Problem:
Every line below is to be copied exactly, with the pictures left out.

──────── Dataset content ────────

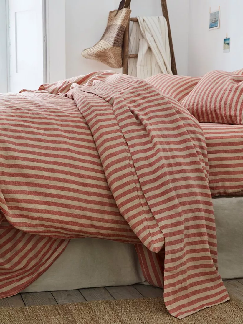 Nestle into nostalgia with these bold deckchair-inspired stripe linen flat sheets.
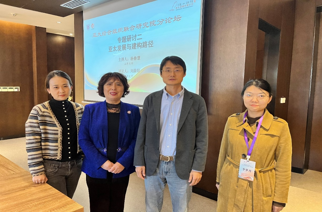 本届“钟山论坛·亚太发展年度论坛”设置了多个主题分论坛,涵盖了“亚太国际关系”“国际传播”“区域国别学”“亚太经合组织发展”“现代国家治理”“亚太社会文化”等领域,同时还设有“第一届国际问题跨学科青年论坛”。8858cc永利亚太研究所的代表们参加了“亚太经合组织联合研究院分论坛”和“国际问题跨学科青年分论坛”的研讨,亚太所所长杨鲁慧教授做了百年变局下的亚太区域安全合作新趋势的会场发言,并主持了分论坛“亚太发展与建构路径”的专题研讨会。赵玙佳副所长、钟诚副所长和李梦丹助理研究员分别围绕中国式现代化、东亚人文共同体建设和东北亚亚太经济合作做了会议发言。在本次论坛上,亚太所参会代表同与会场嘉宾及学者们展开了富有成效的互动交流,对亚太所今后的学术研究,人才培养和科研积累有较大的促进作用。
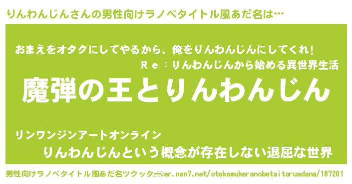| 女子向けラノベタイトル風あだ名 | 『りんわんじんが死なない童話 林檎のりんわんじんの診療簿』 |
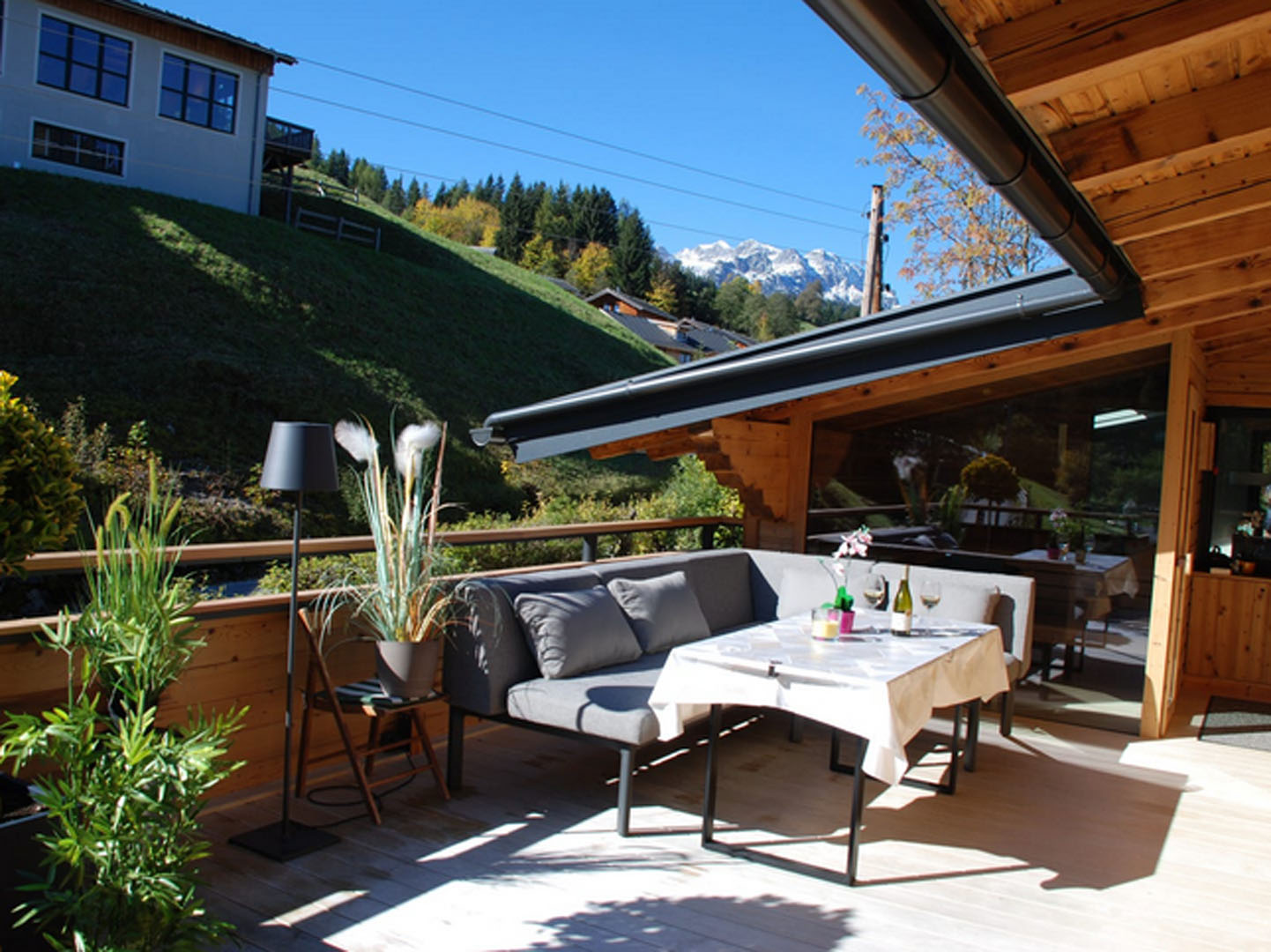 Hochwertig qualitative Ausstattung mit separatem Schlafzimmer, Boxspringbett von Marke ADA inkl. 50" Panasonic SAT-Plasma-TV, und großem Schrank. Wohnbereich mit Esstisch für 6 Personen und Lederdrehsessel, Leder Schlafcouch der Marke ADA, vollwertig ausgestattete DAN Küche mit allen Küchenutensilien, inklusive Balkon-Terrasse von ca. 24 m² mit Ambientebeleuchtung, Musiksoundanlage (Bluetooth gesteuert) und exklusiver Glas-Panorama Sauna mit Blick in die Berge – Bischofsmütze.

────────

Output of the exercise:
 Nestle into nostalgia with these bold deckchair-inspired stripe linen flat sheets.
 本届“钟山论坛·亚太发展年度论坛”设置了多个主题分论坛,涵盖了“亚太国际关系”“国际传播”“区域国别学”“亚太经合组织发展”“现代国家治理”“亚太社会文化”等领域,同时还设有“第一届国际问题跨学科青年论坛”。8858cc永利亚太研究所的代表们参加了“亚太经合组织联合研究院分论坛”和“国际问题跨学科青年分论坛”的研讨,亚太所所长杨鲁慧教授做了百年变局下的亚太区域安全合作新趋势的会场发言,并主持了分论坛“亚太发展与建构路径”的专题研讨会。赵玙佳副所长、钟诚副所长和李梦丹助理研究员分别围绕中国式现代化、东亚人文共同体建设和东北亚亚太经济合作做了会议发言。在本次论坛上,亚太所参会代表同与会场嘉宾及学者们展开了富有成效的互动交流,对亚太所今后的学术研究,人才培养和科研积累有较大的促进作用。
| 女子向けラノベタイトル風あだ名 | 『りんわんじんが死なない童話 林檎のりんわんじんの診療簿』 |
 Hochwertig qualitative Ausstattung mit separatem Schlafzimmer, Boxspringbett von Marke ADA inkl. 50" Panasonic SAT-Plasma-TV, und großem Schrank. Wohnbereich mit Esstisch für 6 Personen und Lederdrehsessel, Leder Schlafcouch der Marke ADA, vollwertig ausgestattete DAN Küche mit allen Küchenutensilien, inklusive Balkon-Terrasse von ca. 24 m² mit Ambientebeleuchtung, Musiksoundanlage (Bluetooth gesteuert) und exklusiver Glas-Panorama Sauna mit Blick in die Berge – Bischofsmütze.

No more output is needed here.